Attorney General William Barr has announced the formation of a working group to bolster efforts by U.S. attorneys to crack down on domestic abusers who have guns.
“Keeping guns from domestic abusers legally prohibited from possessing them would significantly reduce violence in America, a major priority of the Justice Department,” said a press release from the Department of Justice.
Federal Prosecutors Are Cracking Down on Domestic Abusers Who Keep Guns
The news follows The Trace’s March investigation, co-published with Slate, documenting an uptick in federal prosecutions of illegal gun possession by those convicted of domestic abuse.
The working group will comprise nine U.S. attorneys from across the country, including officials from Pennsylvania, Kentucky, Ohio, and California. Erin Nealy Cox, the U.S. attorney for the Northern District of Texas, will chair the group.

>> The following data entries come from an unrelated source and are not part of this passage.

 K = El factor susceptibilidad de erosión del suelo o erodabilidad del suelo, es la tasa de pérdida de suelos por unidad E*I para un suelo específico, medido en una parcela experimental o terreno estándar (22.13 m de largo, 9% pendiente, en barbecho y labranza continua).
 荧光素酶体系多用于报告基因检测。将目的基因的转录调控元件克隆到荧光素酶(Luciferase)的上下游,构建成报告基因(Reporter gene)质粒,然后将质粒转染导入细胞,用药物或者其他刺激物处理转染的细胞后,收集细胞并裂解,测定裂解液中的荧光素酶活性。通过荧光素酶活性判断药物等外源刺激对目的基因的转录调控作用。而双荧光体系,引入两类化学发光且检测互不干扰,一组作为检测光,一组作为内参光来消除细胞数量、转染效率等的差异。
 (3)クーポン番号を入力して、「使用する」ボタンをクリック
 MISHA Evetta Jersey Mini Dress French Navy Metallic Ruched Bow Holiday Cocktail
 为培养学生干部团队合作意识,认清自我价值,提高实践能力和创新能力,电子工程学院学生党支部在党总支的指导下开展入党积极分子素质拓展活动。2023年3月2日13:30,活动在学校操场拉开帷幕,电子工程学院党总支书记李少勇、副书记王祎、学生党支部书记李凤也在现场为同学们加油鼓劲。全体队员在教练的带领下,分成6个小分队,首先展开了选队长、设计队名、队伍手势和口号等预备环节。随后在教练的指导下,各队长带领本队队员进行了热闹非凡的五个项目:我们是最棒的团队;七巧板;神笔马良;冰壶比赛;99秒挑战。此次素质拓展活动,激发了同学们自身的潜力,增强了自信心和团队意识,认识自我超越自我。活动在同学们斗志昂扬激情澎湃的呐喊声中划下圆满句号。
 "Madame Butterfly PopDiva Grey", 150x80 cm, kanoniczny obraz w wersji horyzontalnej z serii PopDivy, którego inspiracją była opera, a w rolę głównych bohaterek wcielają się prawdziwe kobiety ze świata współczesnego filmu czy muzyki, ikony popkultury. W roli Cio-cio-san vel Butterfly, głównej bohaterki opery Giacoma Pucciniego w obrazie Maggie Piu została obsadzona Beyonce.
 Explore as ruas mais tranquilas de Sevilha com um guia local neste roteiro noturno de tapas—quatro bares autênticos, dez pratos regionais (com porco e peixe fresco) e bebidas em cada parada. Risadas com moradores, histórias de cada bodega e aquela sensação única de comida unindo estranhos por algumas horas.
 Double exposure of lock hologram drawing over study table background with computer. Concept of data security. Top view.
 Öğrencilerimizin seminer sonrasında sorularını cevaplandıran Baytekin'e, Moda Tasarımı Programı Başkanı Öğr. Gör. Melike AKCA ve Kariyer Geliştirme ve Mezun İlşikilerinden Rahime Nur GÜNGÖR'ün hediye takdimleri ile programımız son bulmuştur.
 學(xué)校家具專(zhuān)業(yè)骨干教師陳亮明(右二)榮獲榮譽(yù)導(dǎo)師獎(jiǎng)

Cox featured prominently in The Trace/Slate article because her office has one of the most aggressive records for charging these crimes.
In a phone interview, Cox said that the Domestic Violence Working Group will share best practices for prosecuting domestic abusers, and provide guidance on how to work with local law enforcement agencies and nonprofits.

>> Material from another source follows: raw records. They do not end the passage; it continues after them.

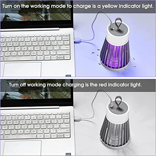 Generic - صاعق حشرات قابل لإعادة الشحن وقتل البعوض والذباب في الأماكن المغلقة مع حلقة تعليق، مصباح كهربائي محمول لقتل البعوض بمنفذ USB وإضاءة ليد، مصيدة بعوض للمنزل وغرفة النوم والتخييم في الهواء الطلق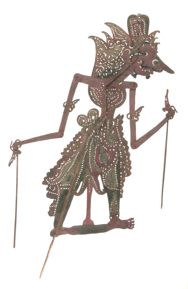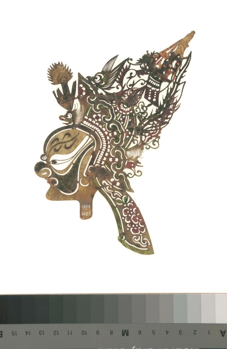 Pair of shadow puppets, Cao Cao and hat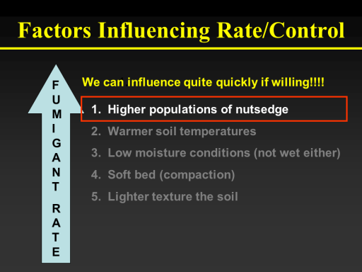 Factors Influencing Rate/Control <BR>FUMIGANT <BR>RATE<BR>1.  <BR>1.  Higher populations of nutsedge <BR>2.  Warmer soil temperatures <BR>3.  Low moisture conditions (not wet either) <BR>4.  Soft bed (compaction) <BR>5.  Lighter texture the soil <BR>We can influence quite quickly if willing!!!!<BR>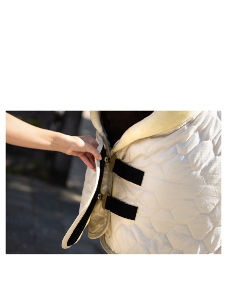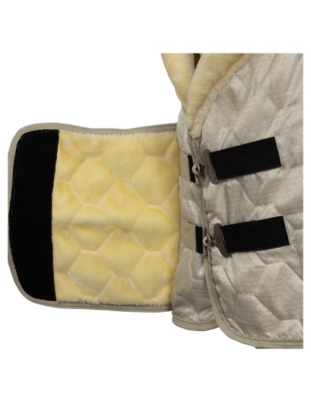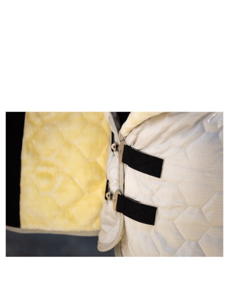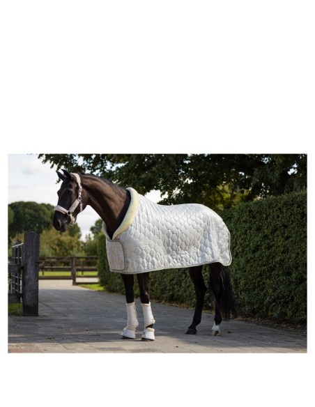 Cette belle couverture de présentation/séchante est parfaite pour donner à votre cheval un look élégant et pour le garder au chaud par temps froid après l'exercice. La transpiration est absorbée par la doublure de fausse fourrure de la couverture. Lorsqu’il fait froid notamment, les muscles de votre cheval se refroidissent rapidement lorsqu’il transpire beaucoup. Votre cheval peut avoir des courbatures si ses muscles ne restent pas bien au chaud.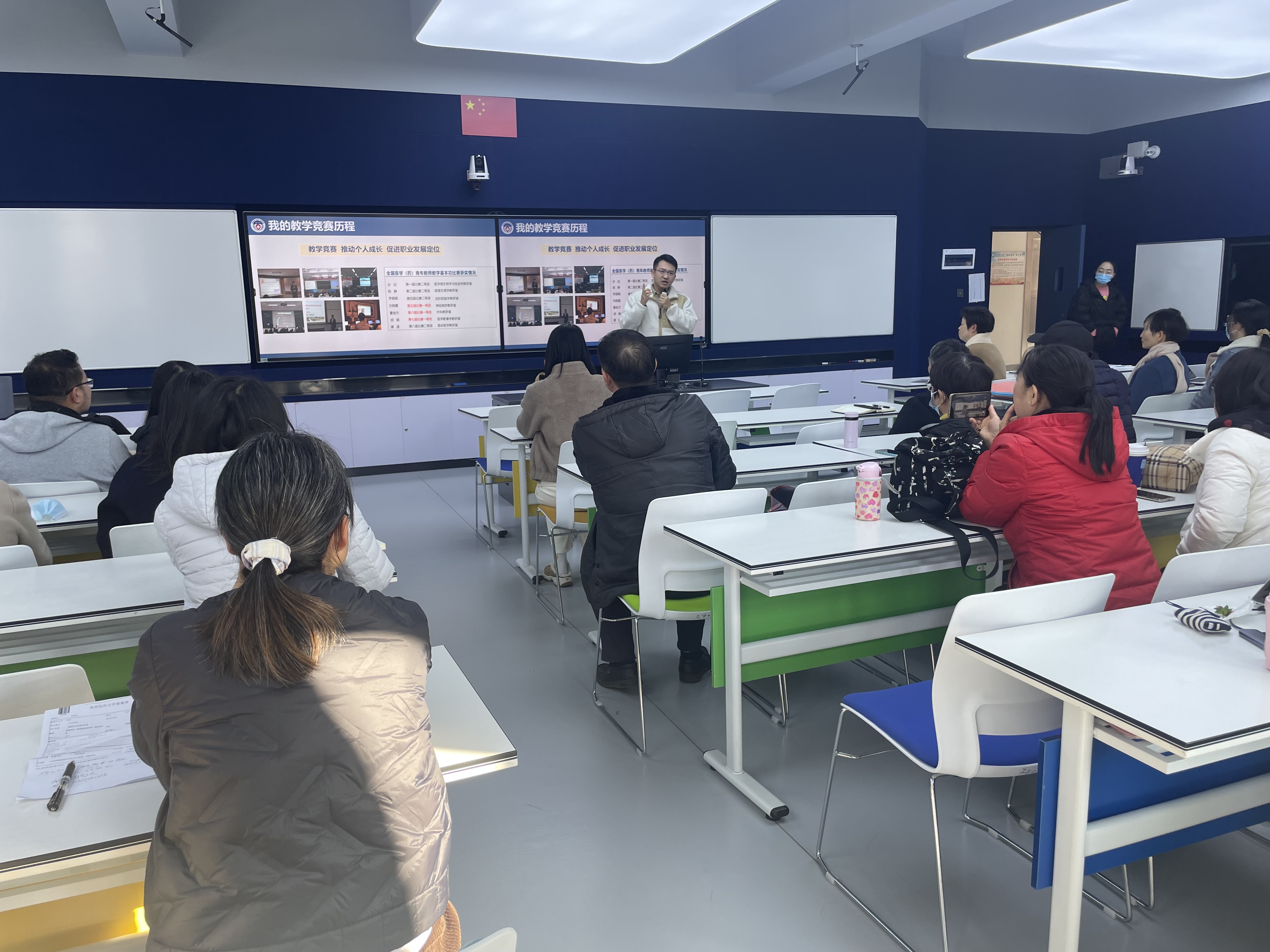 龙莉老师从参赛者和评审两个角度出发,为大家分享了教师教学创新大赛的参赛要求、课堂教学实录视频和创新成果报告的注意要点等。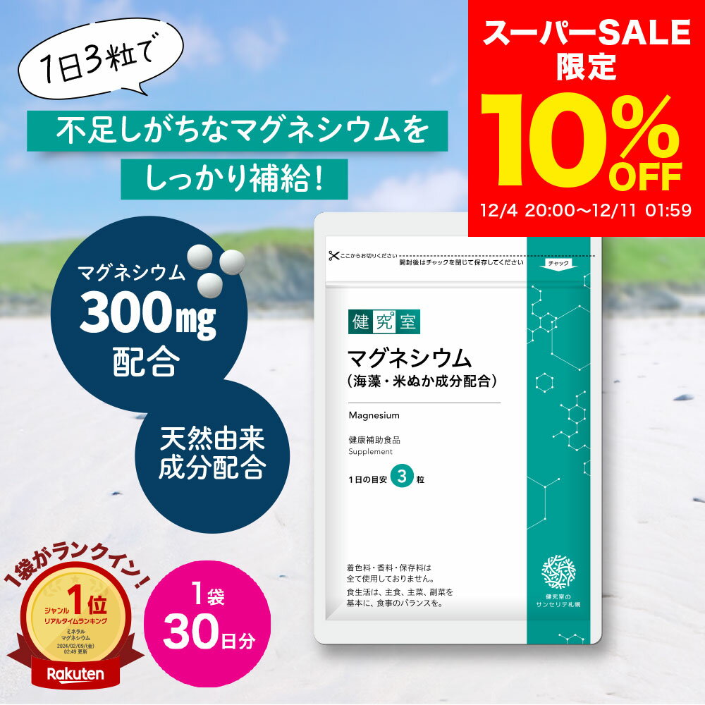 【10%OFF 12/4〜12/11】マグネシウム 300mg 1袋(30日分) サプリ ミネラル 天然 海藻 米ぬか成分 健康食品 国産 GMP 女性 男性 サポート サプリメント 健康食品 ヘルスケア 納豆 おすすめ プレゼント 送料無料

Domestic violence laws vary considerably, and state laws do not always align with the federal statutes. This can make it hard for federal prosecutors to bring charges.
Cox said that several U.S. attorneys had discussed forming a working group several months ago, but the idea fizzled out. After The Trace’s article published, Cox’s office received phone calls from other U.S. attorneys interested in reviving the idea.
The number of federal weapons prosecutions this fiscal year is projected to be up 11.2 percent compared to one year ago. according to an analysis from Syracuse University’s Transactional Records Access Clearinghouse database.
U.S. attorneys in several districts have zeroed in on convictions related to domestic violence and guns. According to data provided by the Department of Justice, there has been an 80 percent increase over the last two years in the number of people charged under the federal law banning those convicted of a domestic violence misdemeanor from possessing firearms. In fiscal year 2018, 197 defendants were prosecuted, up from 110 in fiscal year 2016.
“We’ve had the statutes on the books for a while,” said Cox, adding she believes that a new federal focus on domestic violence will help prosecutors reduce homicides in their communities. “Any time the AG directs us to do something, you can be sure we’re going to be doing it.”